The mean value of binary features shows us the prevalence, meaning what proportion of the described object has that characteristic. The plot below shows that a dozen characteristics are common across cars, but most of them concern less than 20% of the dataset.

In [15]:

one_hot_encoded_features.apply(pd.value_counts)
sorted_one_hot_encoded_features = one_hot_encoded_features.iloc[:, 1:].mean().sort_values()
ax = sorted_one_hot_encoded_features.plot(kind='barh',
                                 stacked=True,
                                 figsize=(5, 12),
                                 title='Prevalence of Binary Features')
ax.set_xlabel('Proportion of cars');

Standardization of numerical values¶

As mentioned by the scikit-learn documentation:

If a feature has a variance that is orders of magnitude larger than others, it might dominate the objective function and make the estimator unable to learn from other features correctly as expected.

That's why we need to transform the data so that each attribute will be like standard normally distributed data (Gaussian) with zero mean and unit variance.

In [16]:

#remove all object features since we constructed binary features from them
cars=cars.drop(cars.select_dtypes('object').columns,axis=1)
#join binary features and continuous features
all_features = one_hot_encoded_features.join(cars)

In [17]:

#normalize the numerical values
standardized_cars = (all_features - all_features.mean())/(all_features.std())
#reintroduce the non normalized target column
standardized_cars["price"] = all_features["price"]
#safety check if mean = 0 and variance = 1 for each column
assert np.isclose(standardized_cars.std(),1.0).sum()==len(standardized_cars.columns)-1
assert np.isclose(standardized_cars.mean(),0).sum()==len(standardized_cars.columns)-1

Let’s get some insights by looking at the variables' distributions and at the pairwise relationships between them.
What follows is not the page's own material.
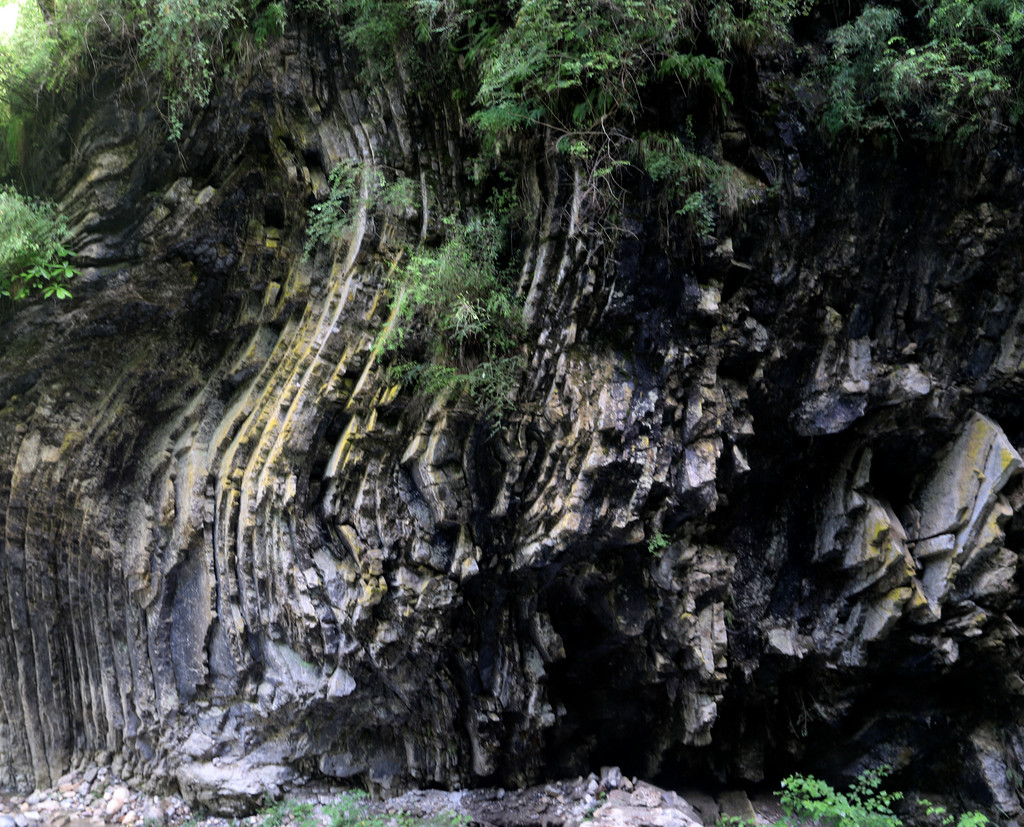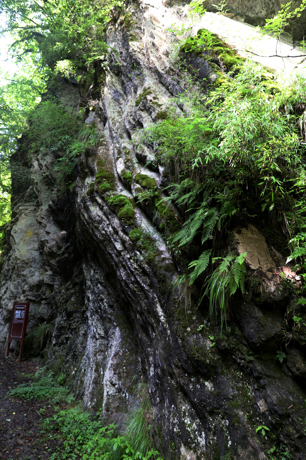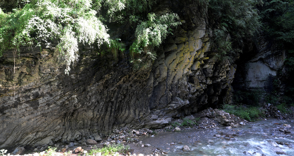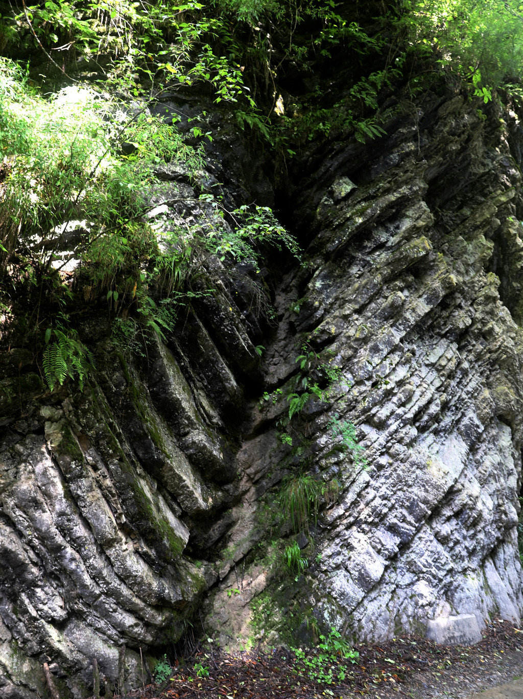 刚开始游览时,我对官珠沟的地形地貌还不太感兴趣,一看那告示牌上介绍的生僻难懂的地质名词就望而生违,头就痛了。但一路走去,看到各种千奇百怪的岩体层面,就感到非常惊奇!惊叹大自然的鬼斧神工!官鹅沟被称为“地质公园“就不足为奇了。

Only main continuous variables will be used. The following plot shows their Pearson standard correlation coefficients.

In [18]:

plt.style.use('fivethirtyeight')
plt.figure(figsize=(10,10))
continuous_idx = len(one_hot_encoded_features.columns)
ticks = range(len(standardized_cars.columns)-continuous_idx)
dt = standardized_cars.iloc[:,continuous_idx:]
plt.grid(False)
plt.imshow(dt.corr())
plt.xticks(ticks,dt.columns,rotation=90)
plt.yticks(ticks,dt.columns)
plt.colorbar()
plt.show()

We can see that some variables are strongly linearly correlated, exhibiting clusters (length, width, wheelbase, or between city-mpg and highway-mpg). Risk of redundancy here and that may decrease the performance of the model since correlated features are known to induce instabilities. Regarding price target, the strongest correlation occurs with the engine size attribute, so we can expect this feature to be a good predictor.

Build the model¶

Now we have removed the discrete variables, we are ready to perform a linear regression based on the k-nearest neighbors (KNN) algorithm using the root of mean squared error (RMSE) as error metric during test/train validation. First, we will fit a univariate model, useful to know which features are the best predictors.

Univariate Model¶

In [19]:

from sklearn.neighbors import KNeighborsRegressor
from sklearn.metrics import mean_squared_error

In [20]:

def knn_train_test(col_names, target, df, k = 5):
    """
    Trains a KNN model and returns the RMSE
    
    col_names (string): the training features
    target (string): the column target
    df (DataFrame): the data
    k (int) : the number of neighbors
    
    output (float) : RMSE
    """
    #initiate a seed for reproductibility 
    np.random.seed(123)
    #randomization
    p = np.random.permutation(len(df))
    df = df.loc[p]
    #using 50/50 split for training and testing data
    l = len(df)//2
    #train only col_name
    train_feature = df.iloc[0:l][col_names]#.values.reshape(l,1)
    test_feature = df.iloc[l:][col_names]#.values.reshape(len(df)-l,1)
    #target
    train_target = df.iloc[0:l][target]
    test_target = df.iloc[l:][target]
    #instantiate KNeighborsRegressor class with default parameters
    knn = KNeighborsRegressor(n_neighbors = k)
    # Pass everything into the fit method.
    knn.fit(train_feature, train_target)
    #making predictions on the testing set using the training data 
    predictions = knn.predict(test_feature)
    #calculating mean squared error (MSE) and root mean squared error (RMSE)
    predictions_mse = mean_squared_error(test_target, predictions)
    predictions_rmse = predictions_mse ** (1/2)
    return predictions_rmse

In [21]:

target = "price"
rmse=[]
for col in standardized_cars.columns[:-1]:    
    rmse.append(knn_train_test([col], target, standardized_cars))
best_attributes = pd.Series(data=rmse, index=standardized_cars.columns[:-1]).sort_values()
best_attributes 

Out[21]:

horsepower          4367.420884
engine_size         4622.893168
curb_weight         4741.616768
highway_mpg         5077.530212
city_mpg            5746.501341
                       ...     
fuel_system_spdi    9783.758088
make_plymouth       9787.573337
make_isuzu          9807.865944
make_mitsubishi     9808.004146
make_chevrolet      9918.293043
Length: 79, dtype: float64

Plotting the predictions¶

Since the car prices are ranging from 5118 to 45400, the best error score of 4367 seems pretty bad. Let's create a new function, namely knn_predictions, that will return the predictions and the testing set. Then we will plot the results with another function, plot_pred.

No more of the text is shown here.